## Exercise inputs
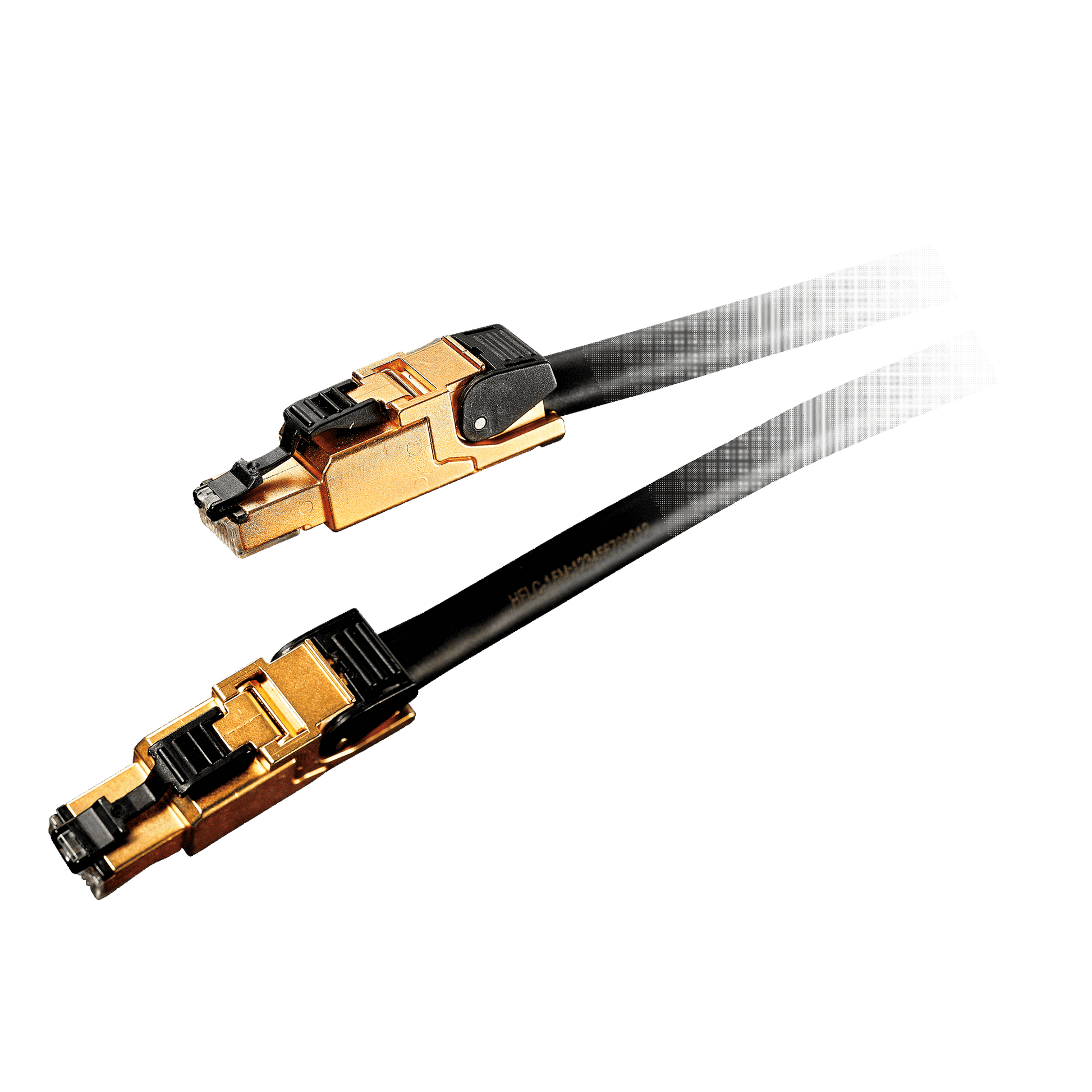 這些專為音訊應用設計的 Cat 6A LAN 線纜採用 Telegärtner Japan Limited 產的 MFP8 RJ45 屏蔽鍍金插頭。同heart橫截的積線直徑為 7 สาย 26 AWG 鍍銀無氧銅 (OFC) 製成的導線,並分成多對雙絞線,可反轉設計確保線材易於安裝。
--
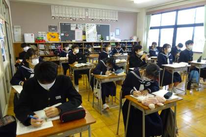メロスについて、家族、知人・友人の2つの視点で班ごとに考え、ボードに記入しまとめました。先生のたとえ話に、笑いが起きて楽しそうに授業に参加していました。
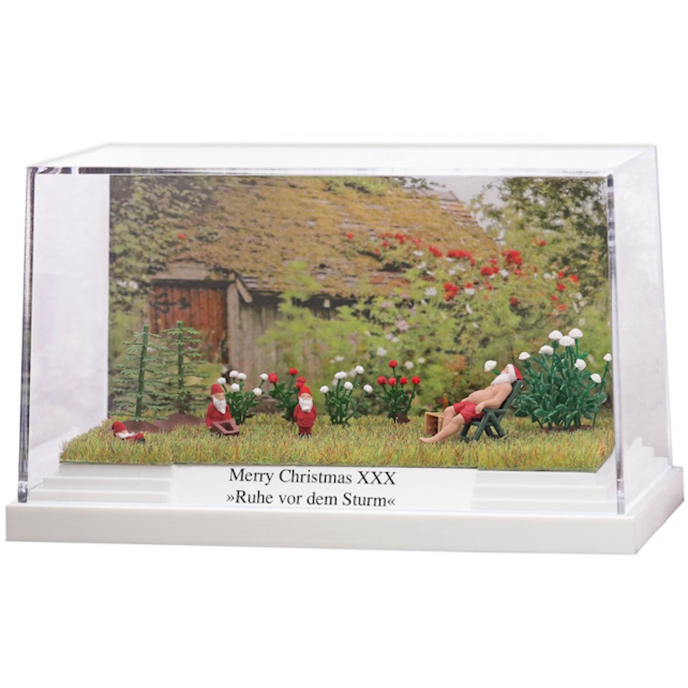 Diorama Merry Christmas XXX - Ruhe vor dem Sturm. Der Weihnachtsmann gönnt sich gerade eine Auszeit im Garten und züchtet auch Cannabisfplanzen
==
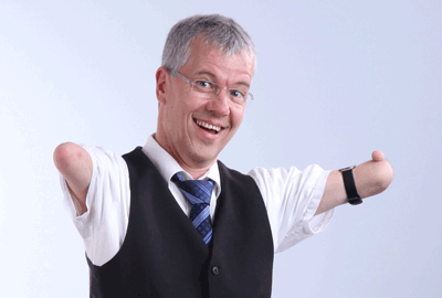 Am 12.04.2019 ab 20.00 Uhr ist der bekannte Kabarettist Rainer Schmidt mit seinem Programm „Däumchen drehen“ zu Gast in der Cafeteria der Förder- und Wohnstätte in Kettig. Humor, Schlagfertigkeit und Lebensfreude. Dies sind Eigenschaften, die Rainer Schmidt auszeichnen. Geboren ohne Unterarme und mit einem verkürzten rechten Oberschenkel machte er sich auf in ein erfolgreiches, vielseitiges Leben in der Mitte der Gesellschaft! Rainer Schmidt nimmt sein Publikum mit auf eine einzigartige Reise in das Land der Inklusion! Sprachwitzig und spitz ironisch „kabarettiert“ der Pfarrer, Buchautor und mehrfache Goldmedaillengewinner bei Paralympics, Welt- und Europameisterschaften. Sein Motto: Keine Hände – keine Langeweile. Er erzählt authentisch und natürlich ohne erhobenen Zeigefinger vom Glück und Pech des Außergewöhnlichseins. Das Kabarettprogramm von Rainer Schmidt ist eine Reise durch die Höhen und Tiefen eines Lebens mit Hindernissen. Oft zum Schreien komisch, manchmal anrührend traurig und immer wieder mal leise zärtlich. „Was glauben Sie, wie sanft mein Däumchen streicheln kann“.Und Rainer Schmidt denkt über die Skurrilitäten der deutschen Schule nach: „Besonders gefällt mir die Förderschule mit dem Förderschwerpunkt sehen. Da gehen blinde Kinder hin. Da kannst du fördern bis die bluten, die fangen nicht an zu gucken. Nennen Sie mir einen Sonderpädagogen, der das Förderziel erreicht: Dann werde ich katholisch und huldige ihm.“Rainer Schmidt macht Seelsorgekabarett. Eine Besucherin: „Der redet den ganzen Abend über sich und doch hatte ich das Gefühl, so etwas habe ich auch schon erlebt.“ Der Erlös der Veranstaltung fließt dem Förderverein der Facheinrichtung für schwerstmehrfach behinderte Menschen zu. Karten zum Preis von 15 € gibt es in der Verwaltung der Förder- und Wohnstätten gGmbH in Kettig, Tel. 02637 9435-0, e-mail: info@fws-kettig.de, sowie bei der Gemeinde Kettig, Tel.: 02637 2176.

## Work to complete
In the listing above, find the line containing "メロスについて、家族、知人・" and the line containing "Diorama Merry Christmas", then print exactly those two lines and every line between them, minus the pictures.

## Written response
メロスについて、家族、知人・友人の2つの視点で班ごとに考え、ボードに記入しまとめました。先生のたとえ話に、笑いが起きて楽しそうに授業に参加していました。
 Diorama Merry Christmas XXX - Ruhe vor dem Sturm. Der Weihnachtsmann gönnt sich gerade eine Auszeit im Garten und züchtet auch Cannabisfplanzen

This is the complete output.